Data records:
=== Section Start ===

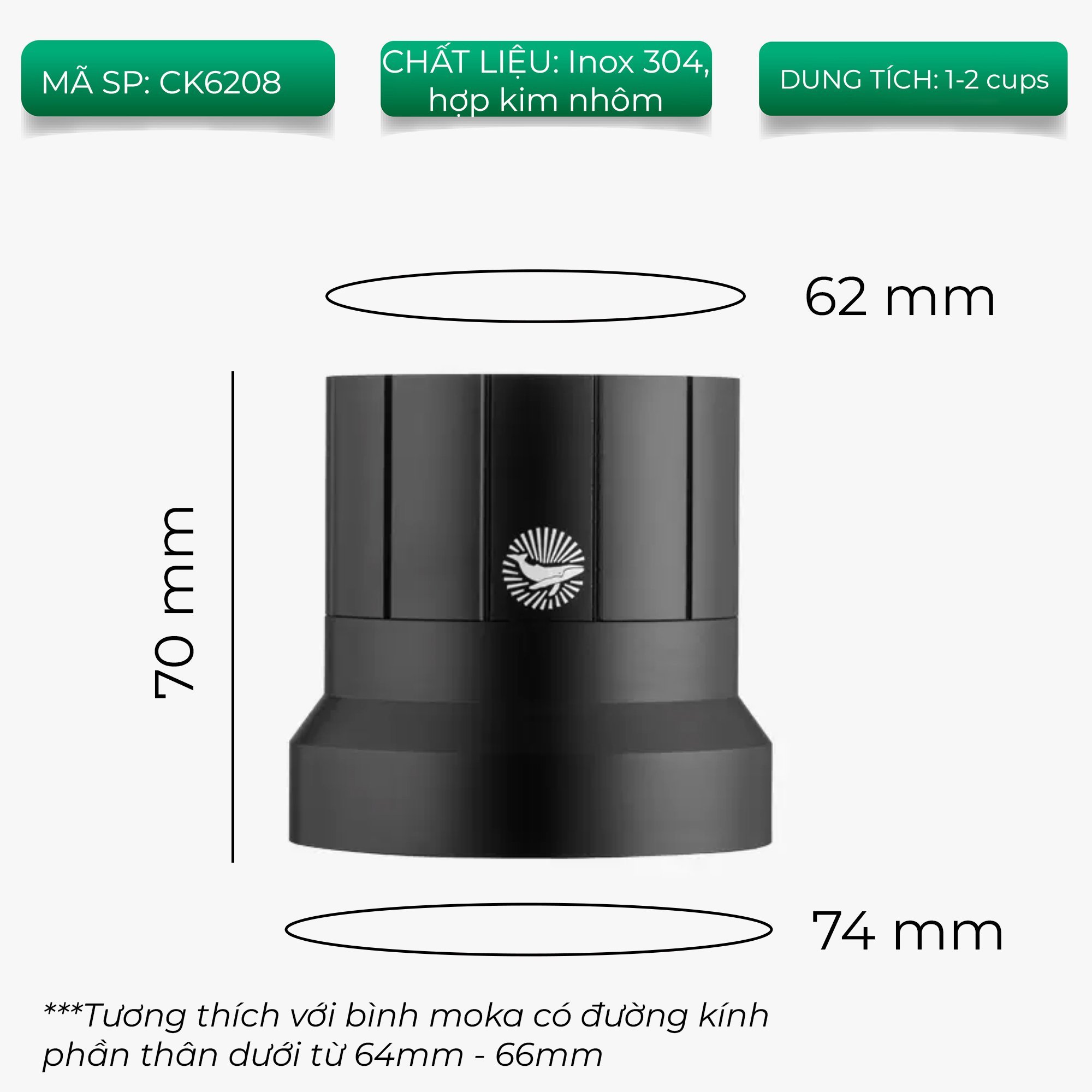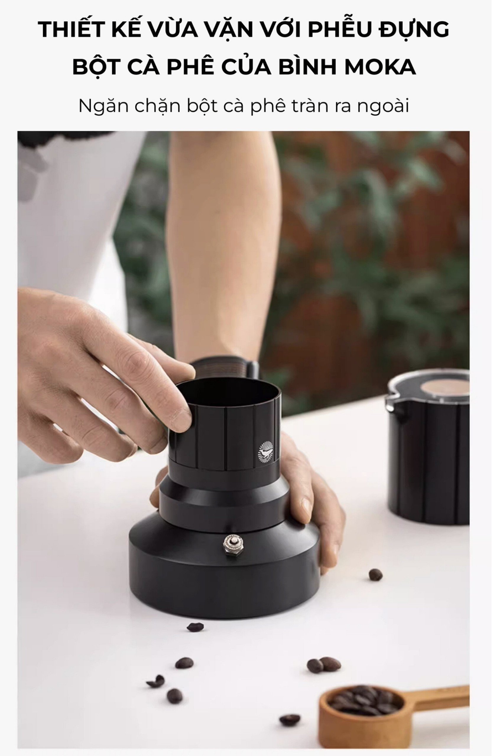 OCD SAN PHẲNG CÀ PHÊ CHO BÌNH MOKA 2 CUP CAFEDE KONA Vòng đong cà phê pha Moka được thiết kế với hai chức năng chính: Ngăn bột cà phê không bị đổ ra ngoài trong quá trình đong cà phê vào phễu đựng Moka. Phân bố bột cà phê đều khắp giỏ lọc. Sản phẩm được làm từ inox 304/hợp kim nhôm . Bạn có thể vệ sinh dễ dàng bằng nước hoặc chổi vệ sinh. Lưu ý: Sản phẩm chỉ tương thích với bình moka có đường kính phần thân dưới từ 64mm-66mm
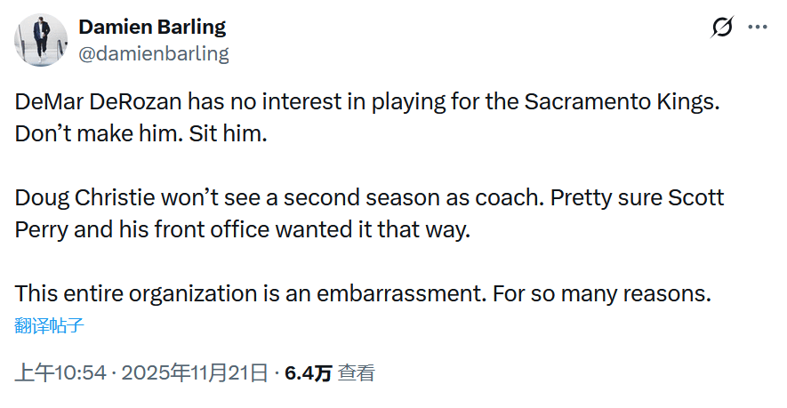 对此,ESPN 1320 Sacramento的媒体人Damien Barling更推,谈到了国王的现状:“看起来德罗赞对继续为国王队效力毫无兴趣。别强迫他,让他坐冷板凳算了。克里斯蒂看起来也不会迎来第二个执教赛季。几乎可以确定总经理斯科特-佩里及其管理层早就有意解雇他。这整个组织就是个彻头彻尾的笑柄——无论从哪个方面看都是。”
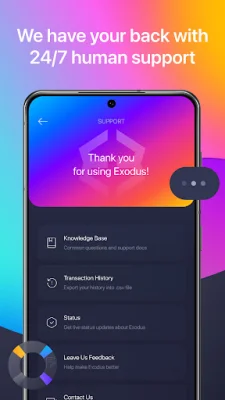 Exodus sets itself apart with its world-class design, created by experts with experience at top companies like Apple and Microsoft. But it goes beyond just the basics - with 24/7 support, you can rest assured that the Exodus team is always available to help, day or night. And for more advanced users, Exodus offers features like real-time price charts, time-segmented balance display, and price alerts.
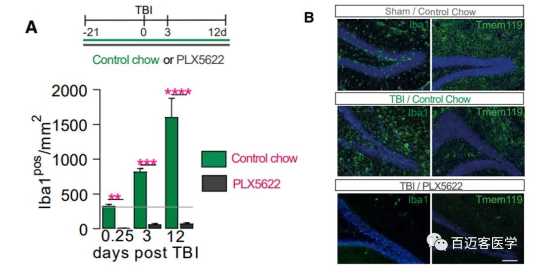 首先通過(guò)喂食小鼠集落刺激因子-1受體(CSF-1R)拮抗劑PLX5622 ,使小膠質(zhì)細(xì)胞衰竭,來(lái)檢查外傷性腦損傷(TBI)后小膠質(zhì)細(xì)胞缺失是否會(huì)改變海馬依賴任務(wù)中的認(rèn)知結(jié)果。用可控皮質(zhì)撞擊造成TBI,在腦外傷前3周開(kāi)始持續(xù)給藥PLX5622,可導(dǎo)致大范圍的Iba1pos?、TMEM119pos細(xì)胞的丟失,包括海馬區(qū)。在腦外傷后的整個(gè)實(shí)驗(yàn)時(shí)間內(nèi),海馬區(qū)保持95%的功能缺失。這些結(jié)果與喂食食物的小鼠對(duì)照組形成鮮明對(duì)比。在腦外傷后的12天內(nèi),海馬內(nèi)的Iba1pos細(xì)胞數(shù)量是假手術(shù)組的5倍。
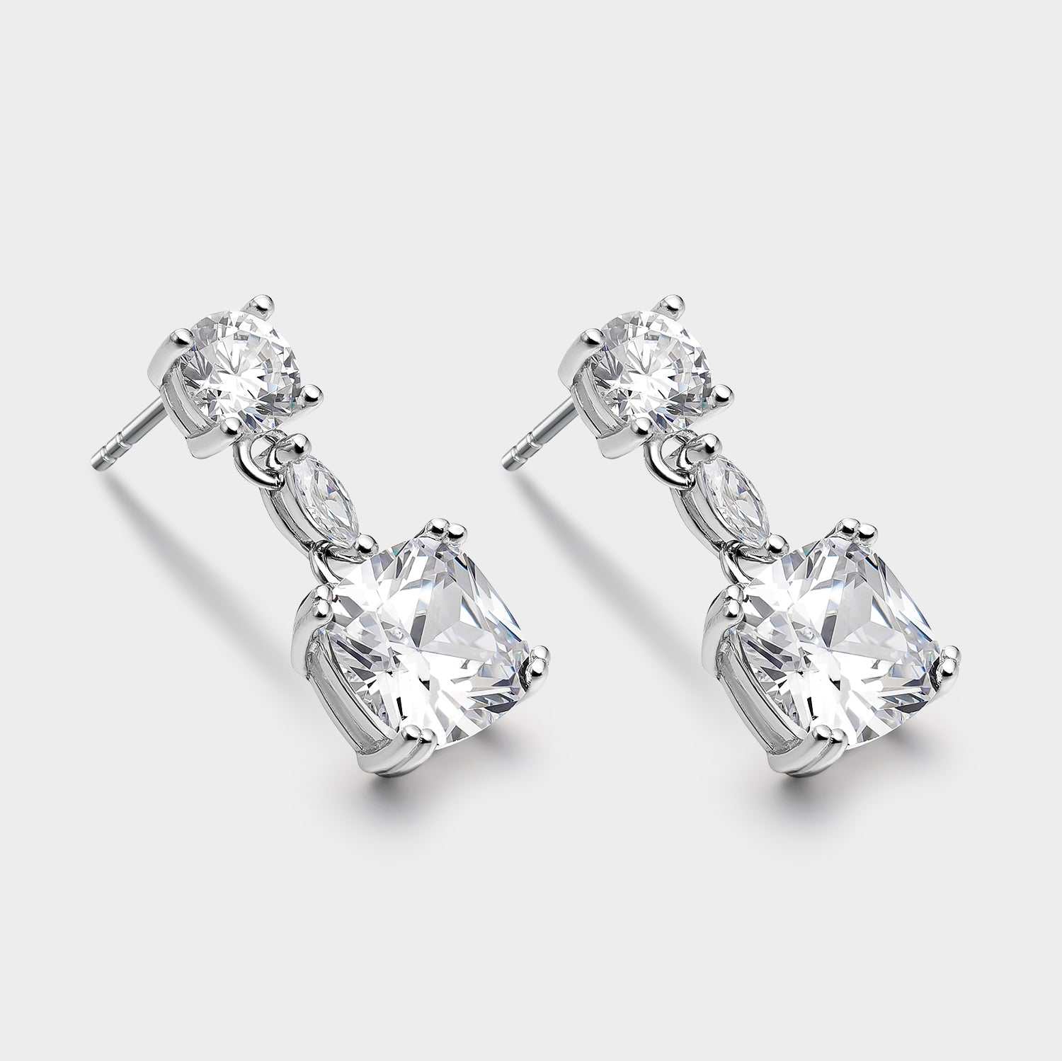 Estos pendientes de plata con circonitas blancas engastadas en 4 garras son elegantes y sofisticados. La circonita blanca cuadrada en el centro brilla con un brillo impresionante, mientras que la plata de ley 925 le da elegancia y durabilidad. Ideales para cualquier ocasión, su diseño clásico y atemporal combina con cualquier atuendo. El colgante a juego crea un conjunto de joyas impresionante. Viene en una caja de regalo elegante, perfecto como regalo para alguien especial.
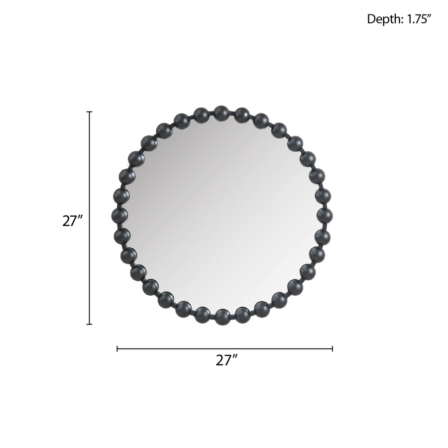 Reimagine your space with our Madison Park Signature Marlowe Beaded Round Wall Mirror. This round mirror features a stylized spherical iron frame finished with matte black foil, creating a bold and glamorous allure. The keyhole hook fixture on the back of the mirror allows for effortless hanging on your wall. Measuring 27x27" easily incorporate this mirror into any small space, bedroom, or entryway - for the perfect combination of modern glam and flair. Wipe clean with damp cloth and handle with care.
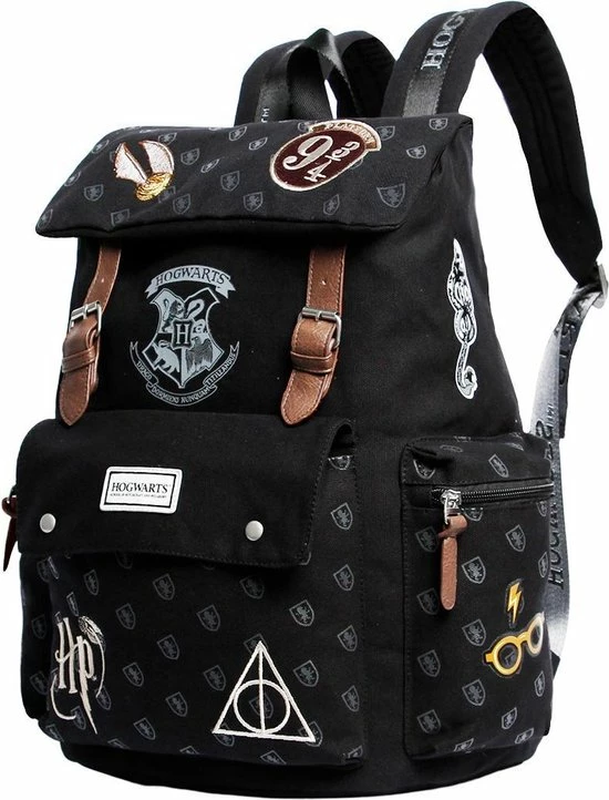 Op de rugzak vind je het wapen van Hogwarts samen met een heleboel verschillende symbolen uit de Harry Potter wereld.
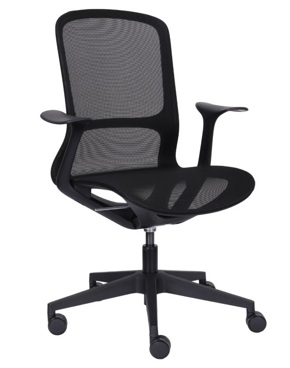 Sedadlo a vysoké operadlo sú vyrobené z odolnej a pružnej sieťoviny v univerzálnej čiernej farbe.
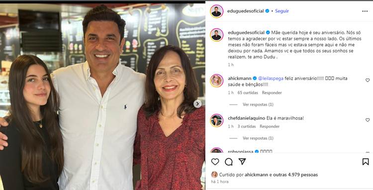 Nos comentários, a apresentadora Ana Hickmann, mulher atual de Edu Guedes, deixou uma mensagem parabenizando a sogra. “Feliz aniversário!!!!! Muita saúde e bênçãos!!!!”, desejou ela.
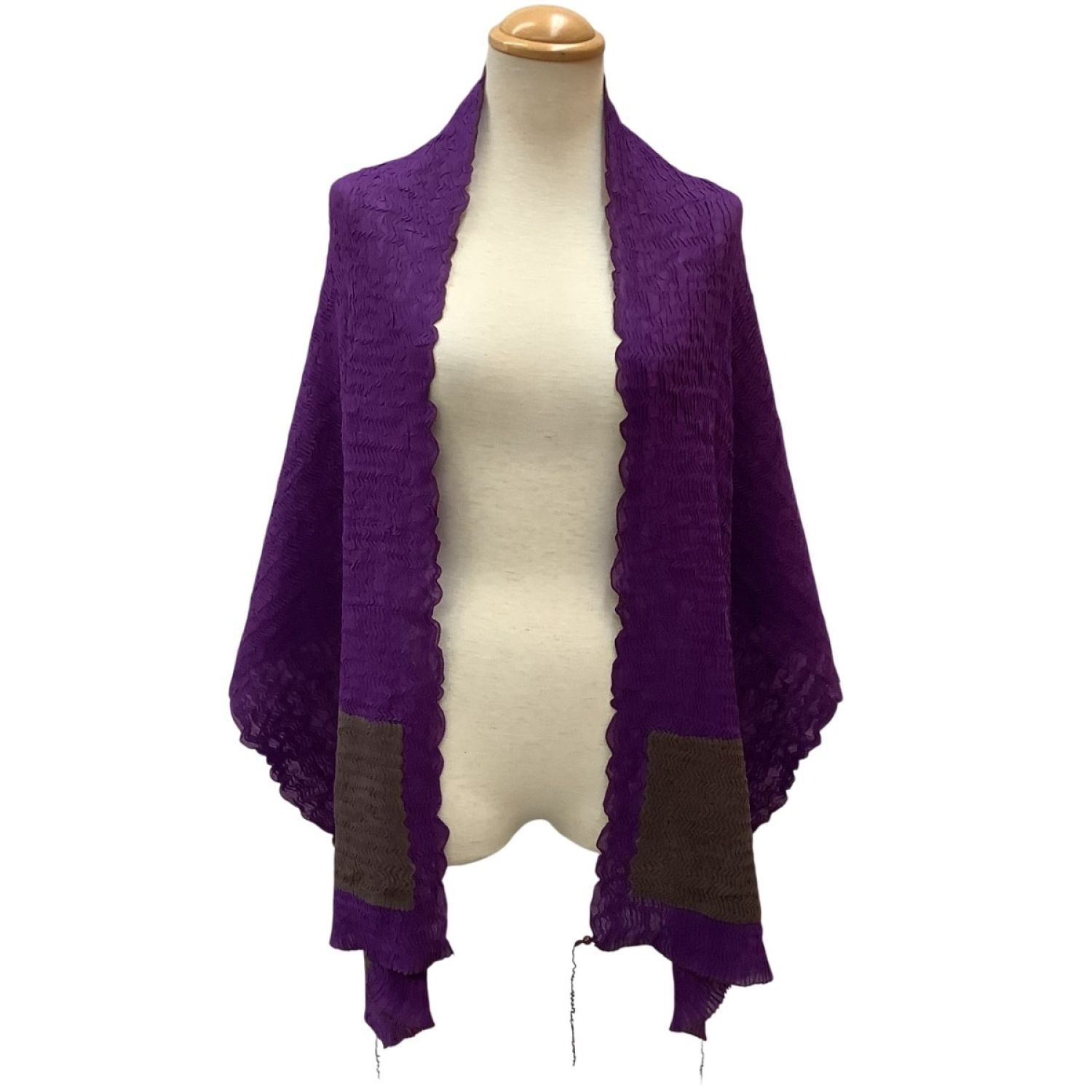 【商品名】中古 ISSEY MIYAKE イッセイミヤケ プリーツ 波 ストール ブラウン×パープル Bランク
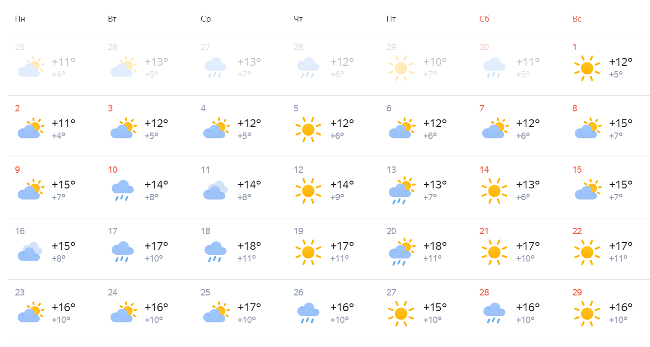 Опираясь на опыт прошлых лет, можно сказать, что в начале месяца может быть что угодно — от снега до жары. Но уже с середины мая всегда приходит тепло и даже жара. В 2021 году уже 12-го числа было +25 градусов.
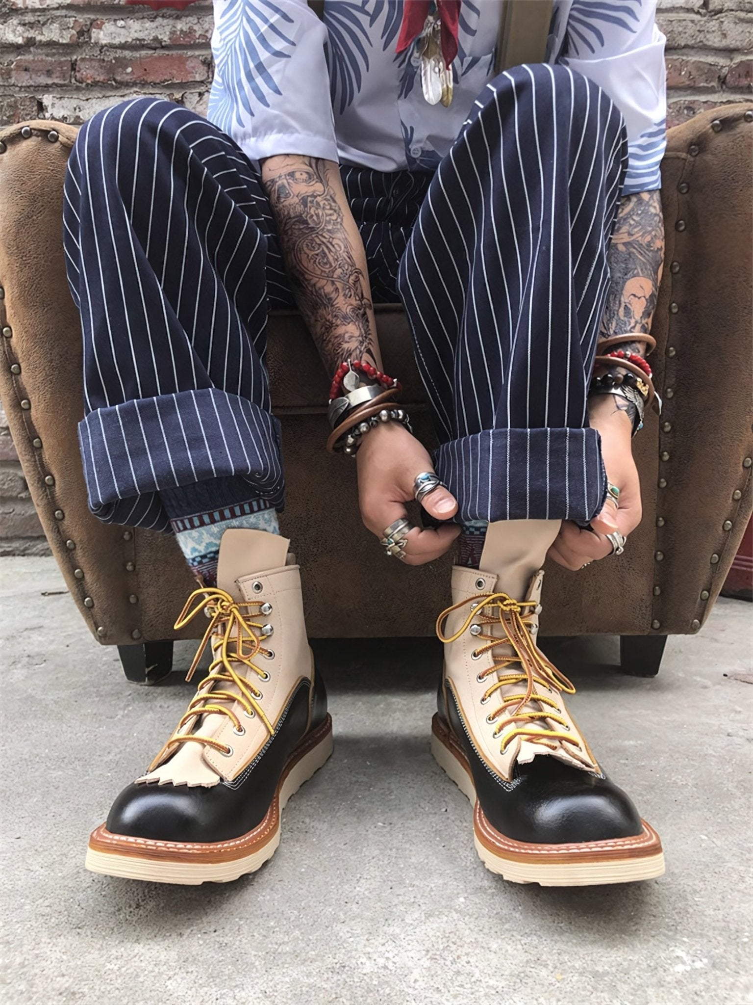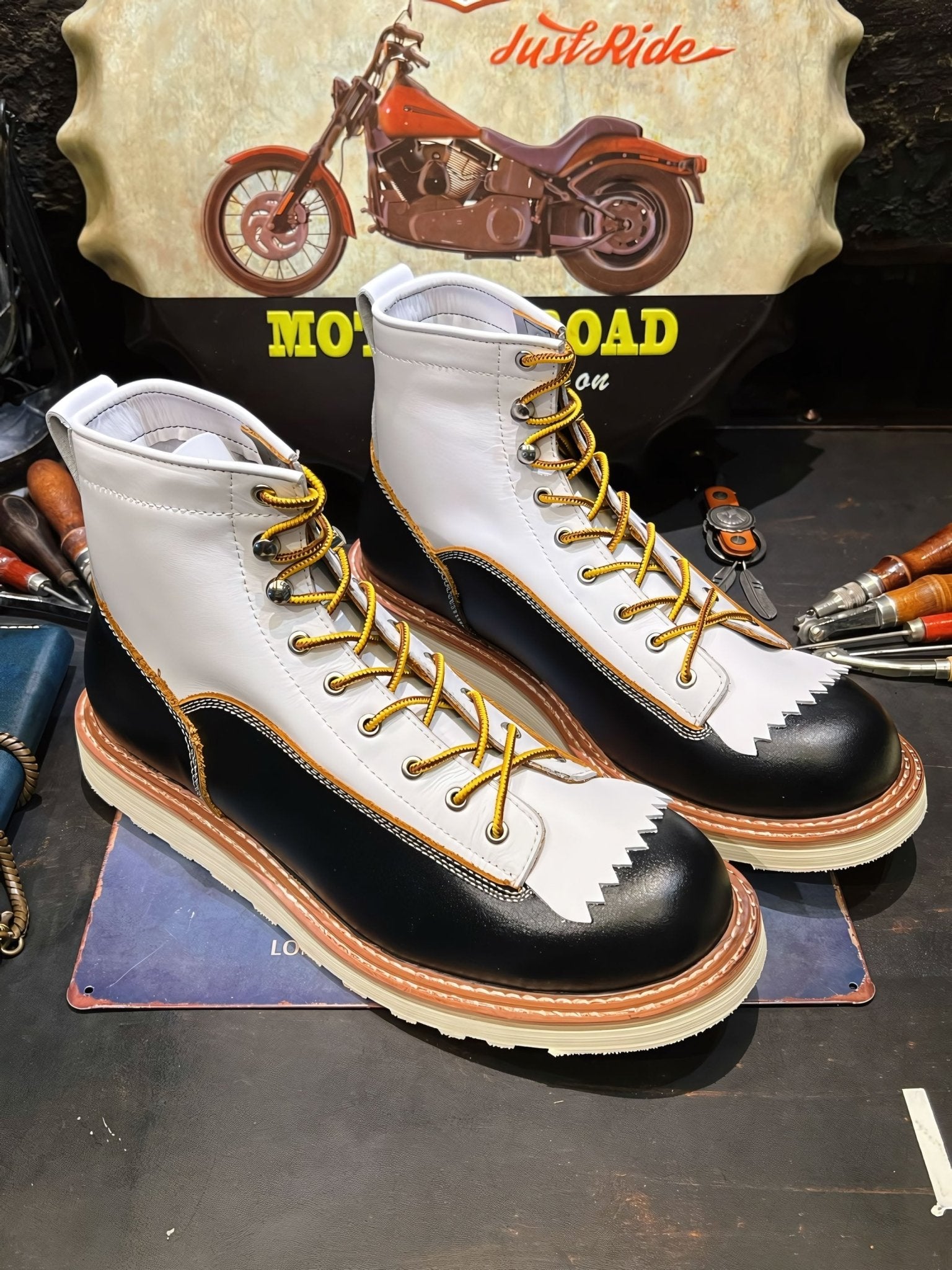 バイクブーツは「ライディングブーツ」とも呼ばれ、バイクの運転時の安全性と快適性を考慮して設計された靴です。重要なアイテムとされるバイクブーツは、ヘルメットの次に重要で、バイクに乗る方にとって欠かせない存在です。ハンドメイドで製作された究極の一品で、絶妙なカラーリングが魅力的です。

=== Section End ===

## YOUR OBJECTIVE
Exactly as written above, retype the lines starting at the one holding "ストール ブラウン×パープル Bランク" and ending at the one holding "Опираясь на опыт", both included, but not the pictures.

## SOLUTION TO THIS TASK
 【商品名】中古 ISSEY MIYAKE イッセイミヤケ プリーツ 波 ストール ブラウン×パープル Bランク
 Опираясь на опыт прошлых лет, можно сказать, что в начале месяца может быть что угодно — от снега до жары. Но уже с середины мая всегда приходит тепло и даже жара. В 2021 году уже 12-го числа было +25 градусов.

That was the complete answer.